А. Г. Нет. Вы должны меня правильно понять. Последнее время я стараюсь от критического взгляда уйти. Я хочу отделить зёрна от плевел, то есть, видеть чистую вещь. С критикой чистота исчезает, она тратится на что-то другое. Я не хочу идти в эту сторону. Даже мои резкие высказывания в адрес театральной жизни города на Неве с критикой не связаны. И «Тамару Александровну» я не критикую и ни в чём не упрекаю. Это замечательная картина, но она связана с восприятием жизни другого человека. Человек имеет право на взгляд, он имеет право этот взгляд выразить. Я же могу его принять или не принять. В любом случае, я говорю о результате. Когда проходили съёмки, я себе сказал, что больше сниматься не буду нигде. Правда, потом мне пришлось слову своему изменить: нашёлся такой человек, Алексей Праздников, который в течение года уговаривал меня сняться в его картине «История болезни» по рассказу Булгакова «Красная корона». После годичных уговоров я решил, что это будет достойное завершение актёрской карьеры. Больше я этим заниматься не буду ни-ко-гда.
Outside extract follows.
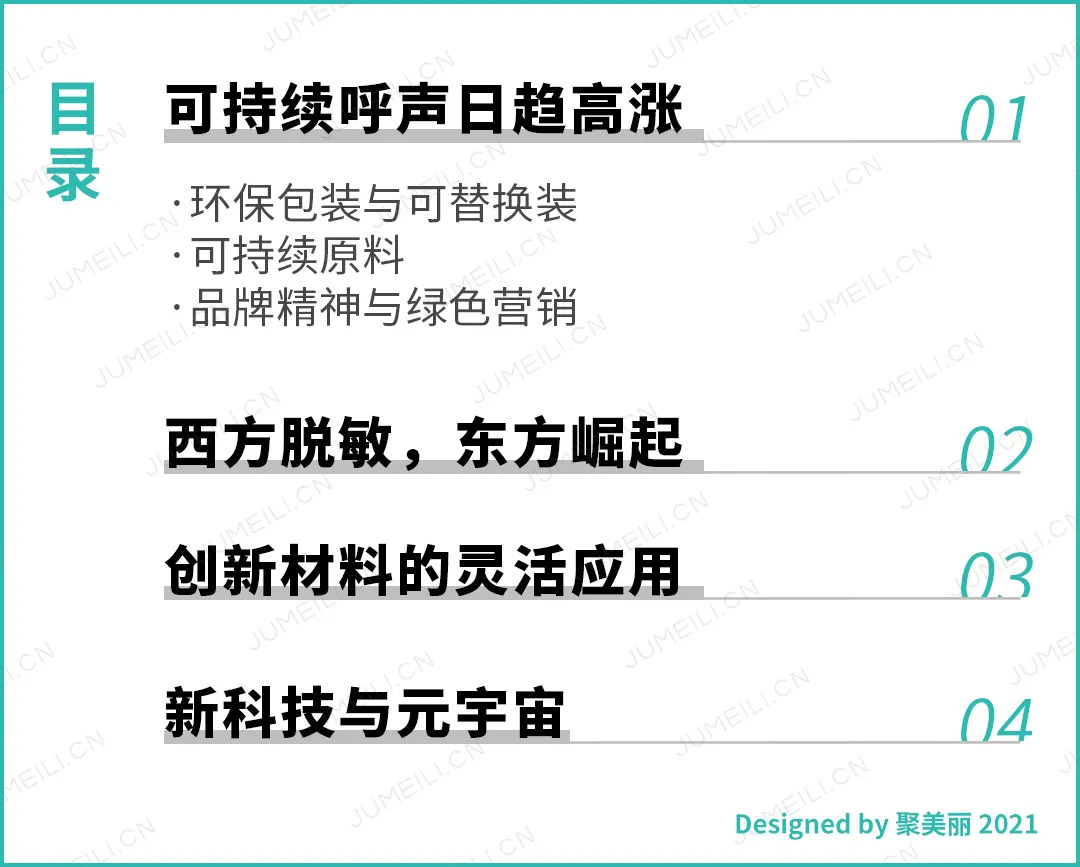 对此,聚美丽记者从中摘取了部分趋势进行详细介绍,并邀请了一些品牌与设计师对不同的趋势进行讨论。比如对于失衡感这一趋势具体以可持续发展为切入介绍大集团和新品牌的环保举措;对于我族导向这一趋势主要从非遗和国风为出发点介绍东方文化在品牌内容和产品上的应用;对于数字后人类这一趋势,对NFT、3D打印为代表的技术和趋势进行介绍;此外,文章还加入了部分对创新材料运用与展望的内容。

А. Ф. Почему Вы решили заниматься режиссурой?
А. Г. Я Вам уже говорил, что в моей жизни наступил кризис. Я зашёл в тупик. Я почти перестал общаться, тусоваться. Хотя я никогда особенно не тусовался: для меня всё, что больше двух человек — уже толпа. Я мог бы принять схиму — у меня была такая мысль. Ещё я думал стать врачом. Но врачом можно быть только хорошим. И на моё счастье я попал на спектакль «Серсо». Я не делаю легенды, но это одна из причин. То есть, я выбрал Васильева. Конечно, нужно было ещё, чтобы и он выбрал меня. Я, взрослый человек, как Вы говорите, известный актёр, прошёл все экзамены от консультаций до русского языка. Мне очень хотелось поступить. А если человек обладает настоящим желанием, он всегда его исполняет. Меня приняли.
А. Ф. Вы сказали — одна из причин. А остальные?
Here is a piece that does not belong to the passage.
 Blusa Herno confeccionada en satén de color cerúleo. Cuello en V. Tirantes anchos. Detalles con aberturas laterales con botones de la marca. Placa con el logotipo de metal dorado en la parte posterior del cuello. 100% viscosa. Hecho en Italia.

А. Г. На сегодняшний день я не вижу у нас в стране практически никого, кто бы мог серьёзно говорить, что по-настоящему занимается воспитанием актёра. И что в дальнейшем, когда этот актёр выходит в жизнь, он становится источником каких-то духовных сил. Я не вижу никого, кроме Анатолия Александровича Васильева. Вы видели эти упражнения, которые делаются в театральном институте? Куда они направлены, на что? Они калечат духовный мир человека. В результате сотни калек мечутся по стране в поисках работы. Говоря о нашей актёрской братии, я и себя к ней причисляю. И я, выпущенный таким же образом, пережил в Школе Драматического Искусства счастливейшие моменты. Я о них мечтал, но не думал, что это может когда-нибудь произойти со мной. А я испытал счастье на сцене. Может быть, раза три. И теперь я могу сказать, что у меня в жизни был Учитель — Анатолий Александрович Васильев. Он единственный в нашей стране осуществляет связь Учитель-Ученик при непосредственном контакте. Он как бы передаёт из рук в руки то, что у него есть. Он говорит: «Вот, ребята, это такой Дар. Я вам его отдаю, но только не растеряйте, не расплескайте». И когда я стал серьёзно заниматься профессией, я понял на практике, что всё, что Я делал до сих пор, к профессии отношения не имело. Это не значит, что я всё зачёркиваю или от всего отказываюсь. Просто это было слабо, на испытанных ходах. Надо ведь заниматься зёрнами которые должны умирать, чтобы жить. И мне стыдно за наших театральных деятелей, которые совершенно определённым образом относятся к Васильеву, называя его шаманом, позёром, фокусником, гуру, но мало представляя себе, что происходит на самом деле в Школе Драматического Искусства. А на сегодняшний день Школа Драматического Искусства на много лет вперёд ушла от того, что делается у нас в стране в области исследования театра. Спектакль Васильева «Маскарад», который я видел в Париже — это выдающееся театральное исследование. У нас в стране, к сожалению, его не увидит никто, за исключением тех единиц, кто побывал в «Комеди Франсэз» в течение того года, что спектакль там шёл. А Вы посмотрите, что делается в Ленинграде. Мне, честно, стыдно, что здесь не существует театральной мастерской. Была при СТД что-то похожее, но там, если я не ошибаюсь, теперь на этом месте гостиница строится.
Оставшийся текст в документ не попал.